For months, Etsy has become littered with a new genre of T-shirt: the Donald Trump mug shot. And they’re available in two main styles: Guity AF and Not Guilty. The shirts are adorned with photos of the former US president appearing as if he’d just been booked, but until very recently, they’ve been fakes—most of them unconvincing ones. Etsy sellers have been uploading them to the platform since at least March, as Trump has been indicted for numerous alleged crimes. Even Trump’s own campaign released a fake mug shot T-shirt to raise money.

But yesterday, the 2024 Republican presidential candidate was finally subjected to the criminal tradition of a mug shot in Georgia, where he has been indicted on charges relating to attempts to overturn 2020 election results in the state. It’s the fourth indictment against Trump, who now faces 91 felony charges in four jurisdictions. Trump maintains that he committed “no crime.”

In an era where manipulated images have captured our attention, Trump’s real mug shot—a simple, poorly lit photo—has achieved historic hype. It’s not that the image alone is notable—Trump is among the most recognizable faces in the world, and he chose to pose for the shot with his eyebrows knitted in his signature, serious look.

Still, it’s the first mug shot of a US president. (Justice officials in the former president’s three other criminal cases opted to skip that part of the process.) And that image, as plain as it is, may become one of the most important photos Trump has ever taken.

“The AI-generated ones, no matter how good they are, will eventually be seen as AI-generated. Fakes will be known as fakes,” says Jonathan Finn, a professor of communication studies at Wilfrid Laurier University in Ontario, who wrote the book Capturing the Criminal Image: From Mug Shot to Surveillance Society. But the real mug shot “will last forever. It will have all the history and associations tied to it.”

After Trump’s mug shot was released last night, it flooded the internet, supplanting the fakes that spread before the real thing was released. It appeared on Instagram stories, as memes, and on Trump’s own social network, Truth Social. After surrendering to Georgia authorities, Trump even made his first post on X, formerly Twitter, since his account was reinstated by Elon Musk late last year. “Election interference, never surrender,” a post featuring the picture reads.
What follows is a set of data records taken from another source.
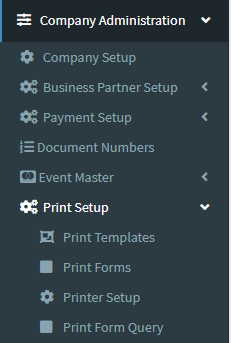 1.Go to the back-office and click on the option Company Administration - Print Setup and then click on the option Print Templates.
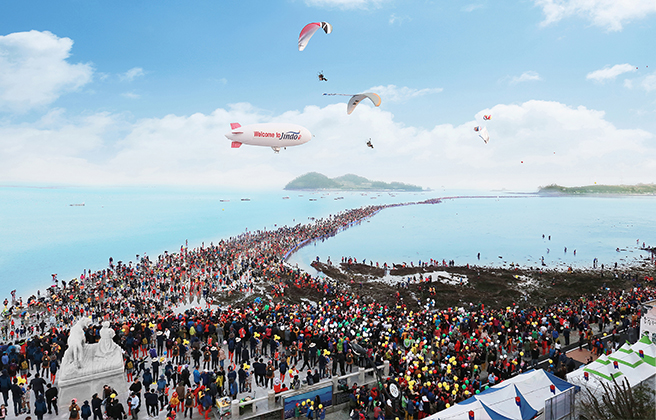 A marvelous natural spectacle lasting just one hour occurs once a year in Jindo-gun County, as rape flowers begin to blossom. As the tide goes out, the sea mysteriously parts and a hidden pathway as long as 2.8 km appears. This 40 meter-wide road connects the main island to a smaller nearby island and serves as an open stage for performances of traditional Korean music. Visitors can also search for sea creatures like clams, octopus, conch or abalone.
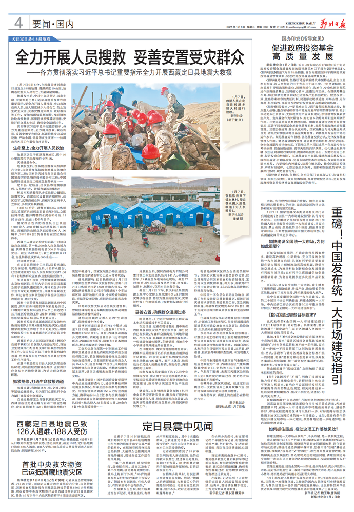 中共中央政治局常委、国务院总理李强作出批示指出,要抓紧核实灾情和人员伤亡情况,全力以赴组织抢险救援,并加强震情监测,防范各类次生灾害,尽最大努力减少伤亡。地震灾区位于高原高寒地区,正值冬季,要千方百计保障灾区群众基本生活和温暖过冬。(今日《人民日报》1版)
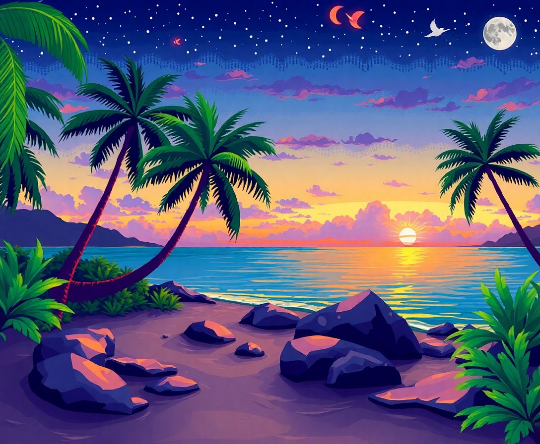Create your own tropical sanctuary with this enchanting paint by numbers kit. Each session transports you to serene shorelines where twilight paints the sky in magnificent hues.
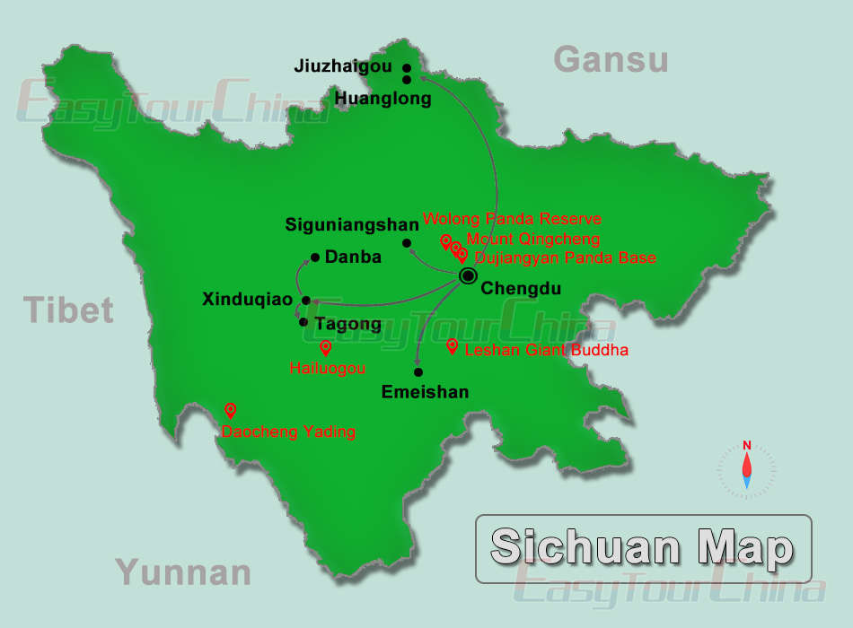 in China's southwestern hinterland, Sichuan has been historically known as the "Land of Abundance". The province has 5 UNESCO world natural and cultural heritage sites: Jiuzhaigou Valley, Huanglong Scenic Area, Emei Mountain with the Leshan Giant Buddha, Mount Qingcheng with Dujiangyan Irrigation System and Sichuan Giant Panda Sanctuaries. Almost every variety of tourist resources is available here: snow-capped mountains, sublime plateaus, deep valleys, jewel-like lakes, ravines, hills, plains, rivers, hot springs, waterfalls, limestone caves, and even danxia formation. Sichuan has something for every traveler, whether you’re intrepid adventurers, serious hikers, history buffs, active family, foodies, or ordinary tourists seeking relaxing vacations.

Mug shots serve a practical purpose: to identify the person accused of a crime, and document their physical status at the time of an arrest. But media coverage of crimes that included mug shots have contributed to harmful stereotypes of people of color, who are arrested at disproportionate rates. Their publication can also make a person appear guilty of the accusations against them before they’ve had a fair trial.

But Trump finds himself in a different position, where viewers of the mug shot will likely be split: Those who support Trump may see a man wrongfully accused while those who presume him guilty may see it as validation of their beliefs.